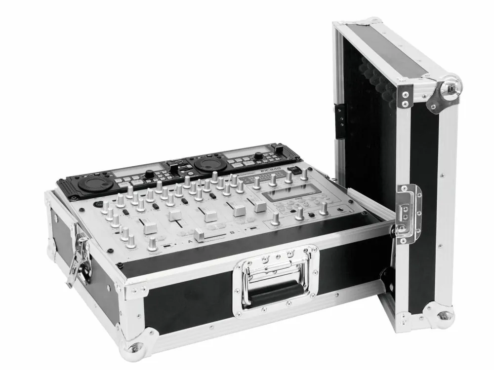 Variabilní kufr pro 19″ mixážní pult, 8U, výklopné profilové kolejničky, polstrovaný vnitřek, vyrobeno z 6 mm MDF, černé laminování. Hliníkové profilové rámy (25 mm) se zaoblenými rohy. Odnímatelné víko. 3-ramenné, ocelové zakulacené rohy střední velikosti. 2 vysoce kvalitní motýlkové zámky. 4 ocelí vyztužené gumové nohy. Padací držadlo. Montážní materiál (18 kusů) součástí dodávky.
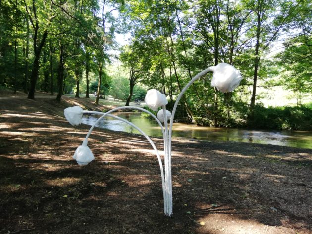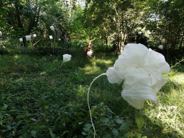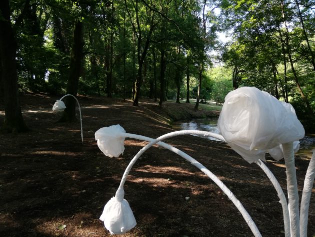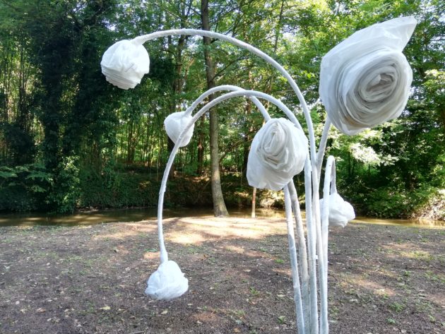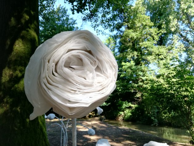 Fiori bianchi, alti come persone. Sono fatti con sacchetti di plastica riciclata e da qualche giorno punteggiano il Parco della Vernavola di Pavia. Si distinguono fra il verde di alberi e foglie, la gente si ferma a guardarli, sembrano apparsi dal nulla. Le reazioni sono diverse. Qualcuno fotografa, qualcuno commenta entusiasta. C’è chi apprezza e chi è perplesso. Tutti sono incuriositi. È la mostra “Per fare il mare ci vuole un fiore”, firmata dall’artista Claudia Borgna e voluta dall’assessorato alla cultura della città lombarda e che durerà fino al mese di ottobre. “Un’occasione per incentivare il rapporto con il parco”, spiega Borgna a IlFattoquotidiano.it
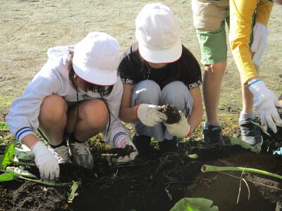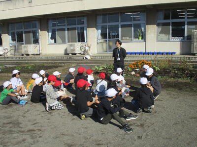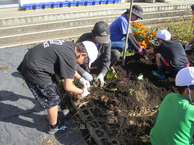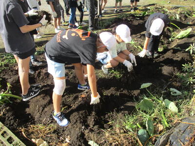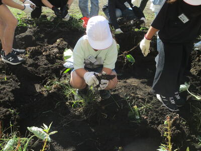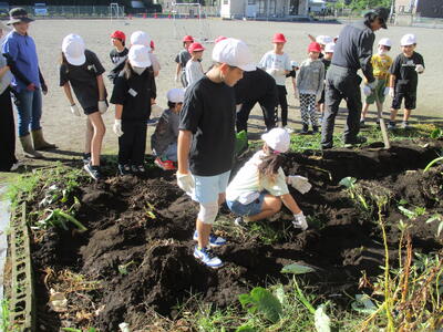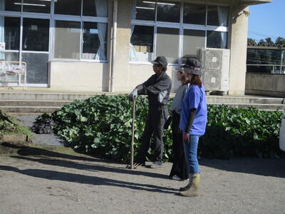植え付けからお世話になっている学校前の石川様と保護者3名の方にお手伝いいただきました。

====================

→ Task statement
When you reach an image, pass over it, and retype all other material exactly.

→ Solution for this task
 Variabilní kufr pro 19″ mixážní pult, 8U, výklopné profilové kolejničky, polstrovaný vnitřek, vyrobeno z 6 mm MDF, černé laminování. Hliníkové profilové rámy (25 mm) se zaoblenými rohy. Odnímatelné víko. 3-ramenné, ocelové zakulacené rohy střední velikosti. 2 vysoce kvalitní motýlkové zámky. 4 ocelí vyztužené gumové nohy. Padací držadlo. Montážní materiál (18 kusů) součástí dodávky.
 Fiori bianchi, alti come persone. Sono fatti con sacchetti di plastica riciclata e da qualche giorno punteggiano il Parco della Vernavola di Pavia. Si distinguono fra il verde di alberi e foglie, la gente si ferma a guardarli, sembrano apparsi dal nulla. Le reazioni sono diverse. Qualcuno fotografa, qualcuno commenta entusiasta. C’è chi apprezza e chi è perplesso. Tutti sono incuriositi. È la mostra “Per fare il mare ci vuole un fiore”, firmata dall’artista Claudia Borgna e voluta dall’assessorato alla cultura della città lombarda e che durerà fino al mese di ottobre. “Un’occasione per incentivare il rapporto con il parco”, spiega Borgna a IlFattoquotidiano.it
植え付けからお世話になっている学校前の石川様と保護者3名の方にお手伝いいただきました。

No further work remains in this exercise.